For this problem you will implement the Baum–Welch algorithm.  You will implement this algorithm as a set of methods defined for a subclass, `TrainableHMM`, of the HMM class that we have been developing in class.  The high-level master method for this algorithm, `estimate_parameters_baum_welch` is already implemented for you.  This method calls two other methods, corresponding to the Expectation (E) and Maximization (M) steps of the Baum–Welch algorithm, which you are to implement.

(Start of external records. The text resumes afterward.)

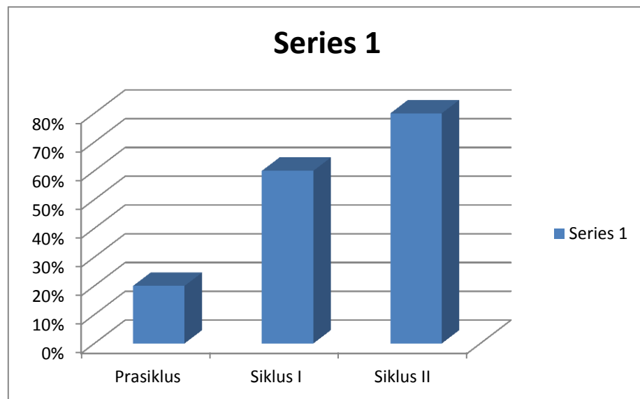
Grafik 4.1 Peningkatan Hasil Penelitian

Dari hasil kegiatan prasiklus siklus I dan siklus II hasilnya ditunjukkan dengan grafik sebagai berikut: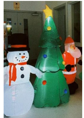
Christmas at Crawfordsburn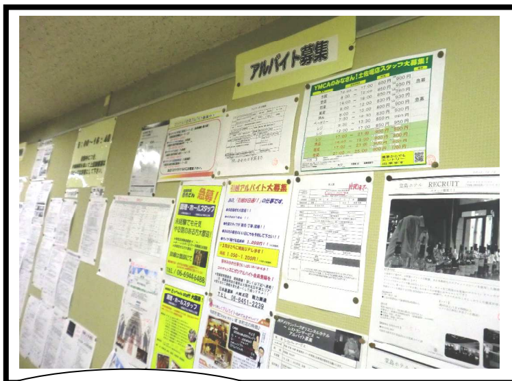
校內打工徵才資訊 公佈欄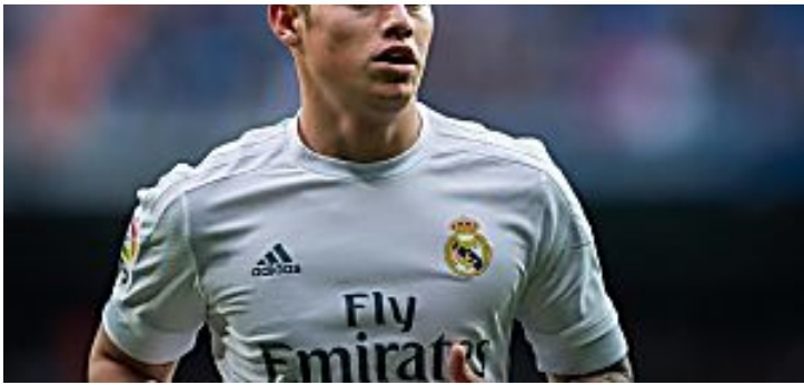
Cinco jugadores que saldrían del Real Madrid la próxima temporada (Rankings de Futbol)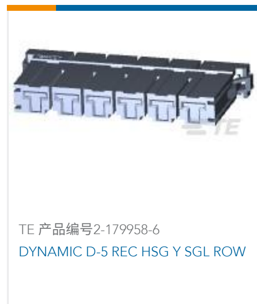
TE 产品编号2-179958-6 DYNAMIC D-5 REC HSG Y SGL ROW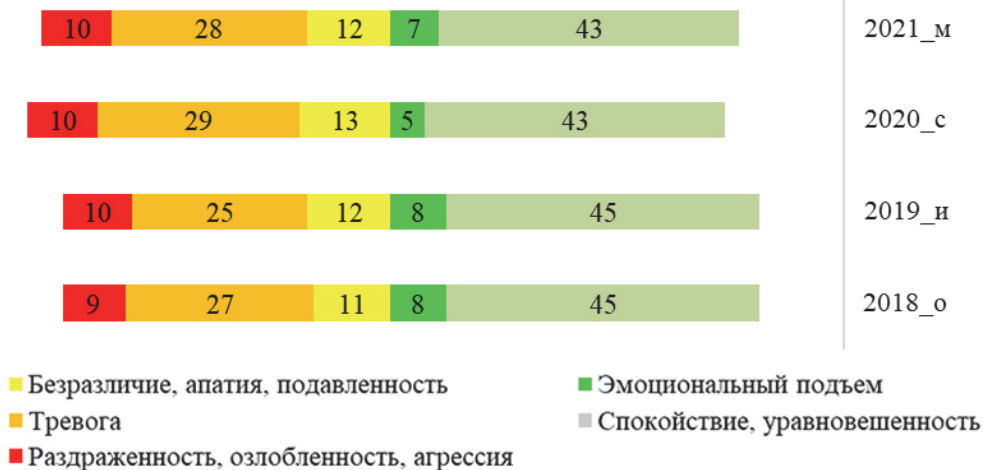
Рис. 2. Динамика оценок россиянами личного социально-психологического состояния, 2018–2021 годы, %

The base HMM class that we have implemented in the activities, along with a number of helper functions, are found in the `hmm` module included with this notebook.  You should add your solutions to key methods from your weekly notebooks to it and modify other aspects of it if you wish.  There are a few minor changes in how the HMM class works.  These should not affect how you implement the Baum–Welch algorithm, but will be helpful in improving efficiency for the second problem of this HW.  The changes are:

1. States may now be represented by arbitrary strings, rather than individual characters.  As a result, a state path (such as what is returned by the `most_probable_path` method) is now represented by a *list of strings*.
2. The Viterbi, Forward, and Backward algorithms now take advantage of the sparsity (of non-zero transitions) of the HMM.  This results in efficiency gains, particular for HMMs with large numbers of states but relatively few transitions.  This is important for problem 2.

In [None]:
import hmm
import math
import itertools
from matplotlib import pyplot as plt

class TrainableHMM(hmm.HiddenMarkovModel):

    def estimate_parameters_baum_welch(self, 
                                       training_data, 
                                       pseudocount=0, 
                                       min_log_likelihood_diff=0.1,
                                       verbose=False):
        """Estimates (and sets) the parameters of the model via the Baum–Welch algorithm.
        
        The current parameters of the model will be used as initial parameters.
        Args:
            training_data: A list of strings of observed sequences.
            pseudocount: a pseudocount to add to each expected count when 
                computing the parameter values.  The default is zero, which 
                corresponds to maximimum likelihood estimates without smoothing.
                A value of one corresponds to Laplace smoothing.
            min_log_likelihood_diff: the algorithm will terminate once the 
                difference in the log likelihood of the data from one iteration 
                to the next is less than this value.
            verbose: if True, print progress information during the algorithm.
        """
        # keep track of the log likelihood of the previous iteration
        last_log_likelihood = float("-inf")
        
        # repeat the E and M steps until convergence
        for iteration in itertools.count():
            # E-step
            e_step_results = self.baum_welch_expectation_step(training_data)
            log_likelihood = e_step_results["log_likelihood"]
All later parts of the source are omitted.